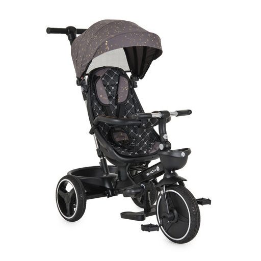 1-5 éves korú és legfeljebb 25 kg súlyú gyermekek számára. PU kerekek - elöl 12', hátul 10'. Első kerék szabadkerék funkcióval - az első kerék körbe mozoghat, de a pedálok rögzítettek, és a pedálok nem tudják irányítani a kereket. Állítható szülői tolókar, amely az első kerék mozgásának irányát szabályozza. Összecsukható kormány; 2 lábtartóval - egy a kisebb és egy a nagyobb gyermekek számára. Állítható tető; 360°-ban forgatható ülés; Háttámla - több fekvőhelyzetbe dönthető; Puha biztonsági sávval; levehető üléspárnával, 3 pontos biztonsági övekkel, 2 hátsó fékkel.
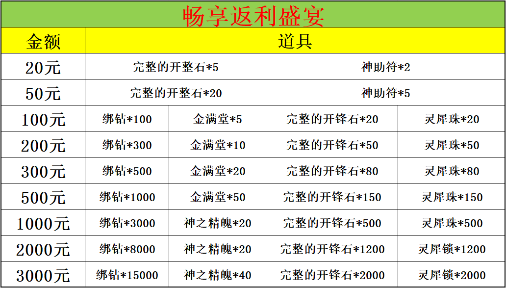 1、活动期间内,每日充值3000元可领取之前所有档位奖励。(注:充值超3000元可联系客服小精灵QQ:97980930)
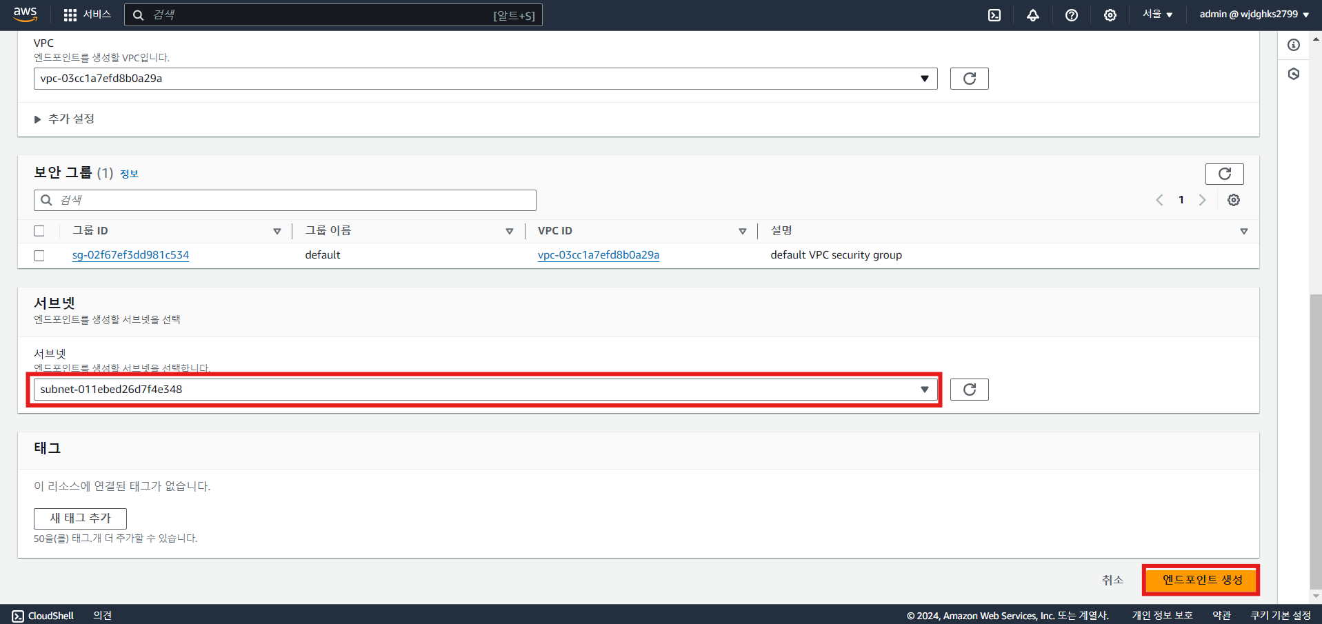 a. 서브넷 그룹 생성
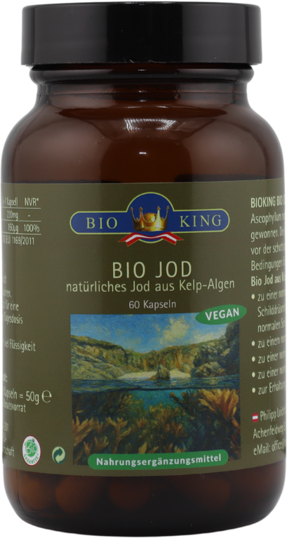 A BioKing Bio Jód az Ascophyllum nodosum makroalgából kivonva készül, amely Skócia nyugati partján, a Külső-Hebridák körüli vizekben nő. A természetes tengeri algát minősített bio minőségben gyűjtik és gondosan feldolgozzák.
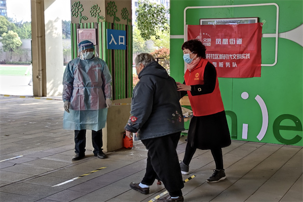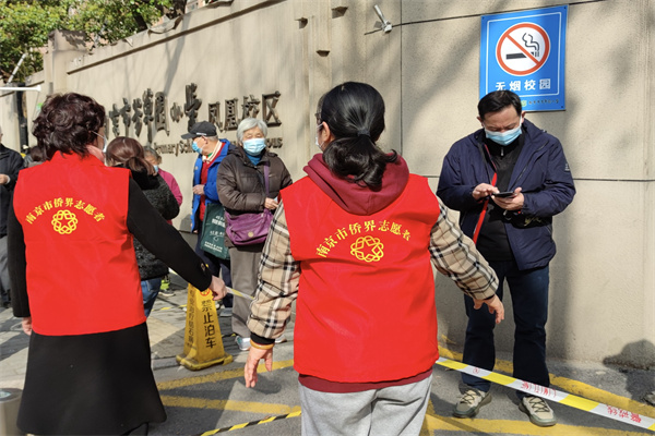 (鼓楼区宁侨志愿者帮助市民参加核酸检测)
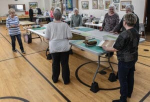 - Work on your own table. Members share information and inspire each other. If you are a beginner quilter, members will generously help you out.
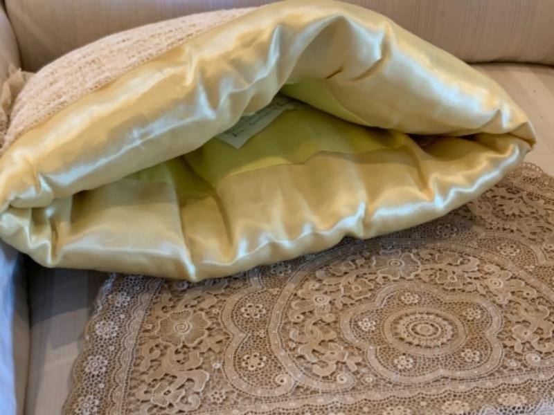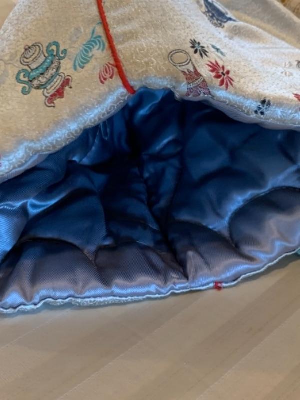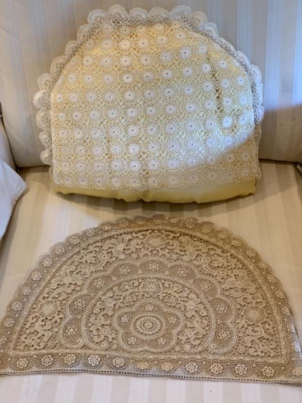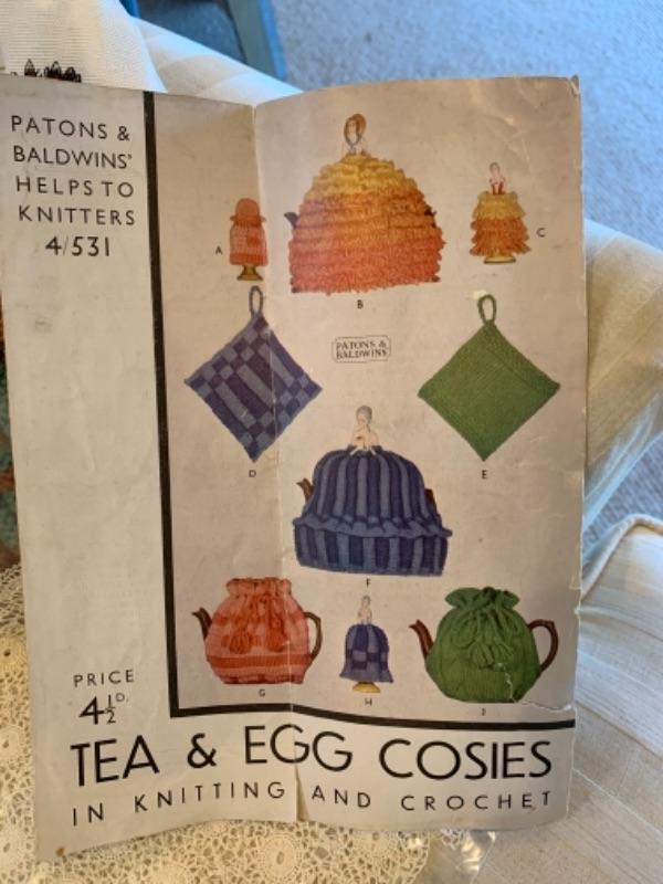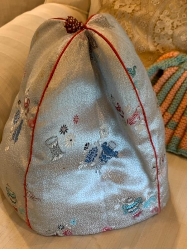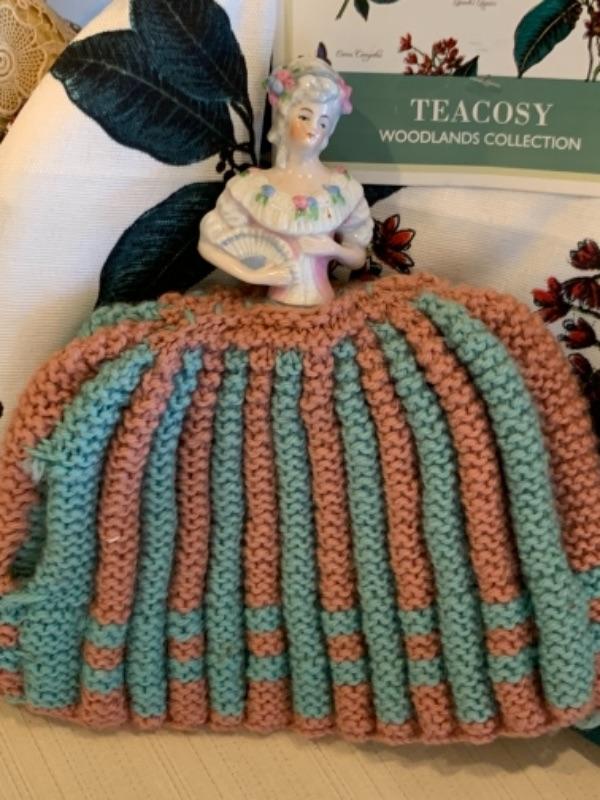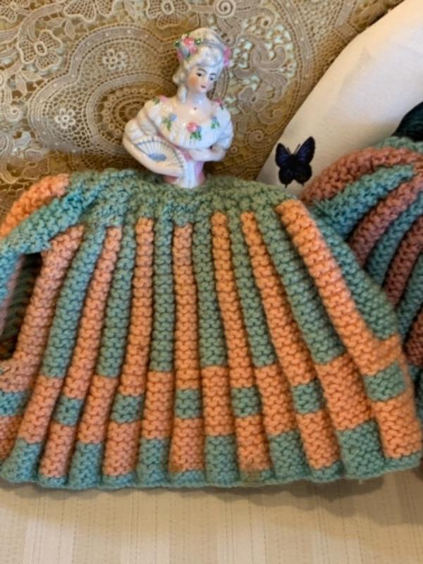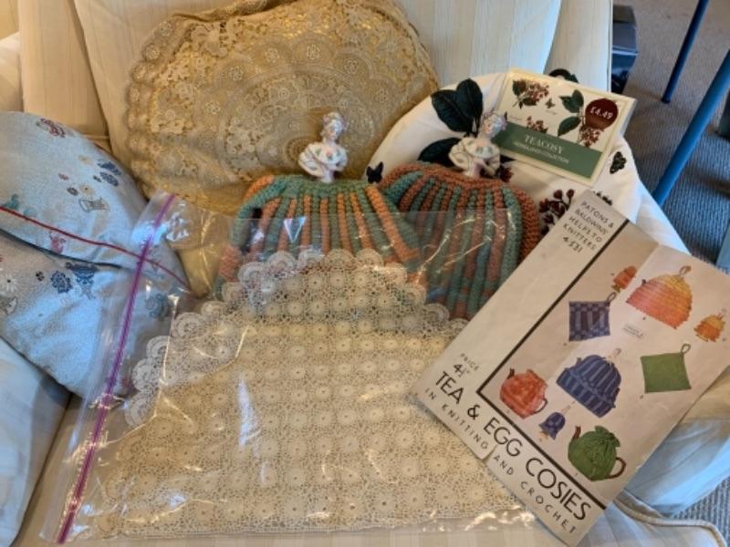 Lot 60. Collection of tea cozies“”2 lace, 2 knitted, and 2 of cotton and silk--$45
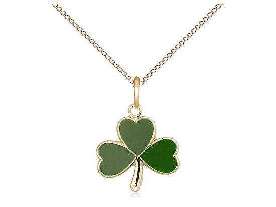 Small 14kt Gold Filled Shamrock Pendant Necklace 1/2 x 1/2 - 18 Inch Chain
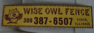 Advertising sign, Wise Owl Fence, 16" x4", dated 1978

++++

Exercise description → Reproduce the data above line for line, from its first line through the line containing "a. 서브넷 그룹 생성", both ends included, with the pictures omitted and nothing more.

Task response →
 1-5 éves korú és legfeljebb 25 kg súlyú gyermekek számára. PU kerekek - elöl 12', hátul 10'. Első kerék szabadkerék funkcióval - az első kerék körbe mozoghat, de a pedálok rögzítettek, és a pedálok nem tudják irányítani a kereket. Állítható szülői tolókar, amely az első kerék mozgásának irányát szabályozza. Összecsukható kormány; 2 lábtartóval - egy a kisebb és egy a nagyobb gyermekek számára. Állítható tető; 360°-ban forgatható ülés; Háttámla - több fekvőhelyzetbe dönthető; Puha biztonsági sávval; levehető üléspárnával, 3 pontos biztonsági övekkel, 2 hátsó fékkel.
 1、活动期间内,每日充值3000元可领取之前所有档位奖励。(注:充值超3000元可联系客服小精灵QQ:97980930)
 a. 서브넷 그룹 생성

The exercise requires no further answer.